Beyonce and her dancers practice their entrance before the performance. Via Beyonce, Instagram.
Beyonce and her dancers practice their entrance before the performance. Via Beyonce, Instagram.

Okay, I’ll make this quick since it’s a bit dated. After I wrote that little post about Saturday Night Live’s “Beyonce is Black” spoof a couple of weeks back, I had a number of students and friends wanting to know what I actually thought about her Superbowl performance (well, her part in the Coldplay performance featuring Beyonce and Bruno Mars). I’m no music critic (or big Beyonce fan, for that matter) so I hadn’t really taken the bait. However, I did spend some time reading what other people were saying—both about the performance and about the backlash it seems Beyonce experienced.

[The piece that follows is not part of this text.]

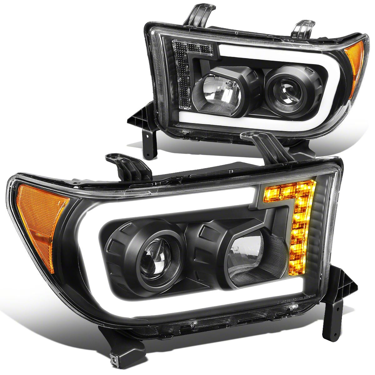 Updated Headlight Style. Give your Tundra a contemporary makeover with these LED DRL Projector Headlights with Amber Corners; Black Housing; Clear Lens. These headlights totally change the look of your early model Tundra with added functionality to boot. With projector lenses and LED DRLs, these headlights will make your truck look and feel mighty fine.

One piece that really caught my attention was by the Salon blogger Lasha. She was struck by the very different reception that Beyonce experienced than the one that met rapper Kendrick Lamar after his racially pointed and politically charged performance at the Grammys just days later. According to Lasha, it was one more instance of the unfair, sexist policing of African American women’s political expression.

Lasha’s point about the marginalization of black women’s radicalism is well-taken. I also think there is some additional social context worth considering. For one, there are expectations and previous record. I think part of the thing with Beyonce is that her Superbowl performance was perhaps her first “socially conscious art.” This surprised folks—it defied their expectations of the “Single Ladies” singer, upsetting those who didn’t see it coming or didn’t understand where she was coming from (witness my previous post on the SNL spoof).

Even more important, in my view, is the actual social context of the performances: the music industry versus the sportsworld. We Americans have come to expect and accept social consciousness and political radicalism in the music context. We not only do not expect such expression in sports, we actually oppose it. Not all cultural arenas are unique, and there are many things about the world of sport that make it uniquely powerful and complicated. As I written on many occasions—for example, in the piece Kyle Green and I did on this site about politics and sport being strange bedfellows—there are deep cultural norms about sport that make any kind of social statement in the realm of sport extremely complicated and typically controversial, especially where race is involved.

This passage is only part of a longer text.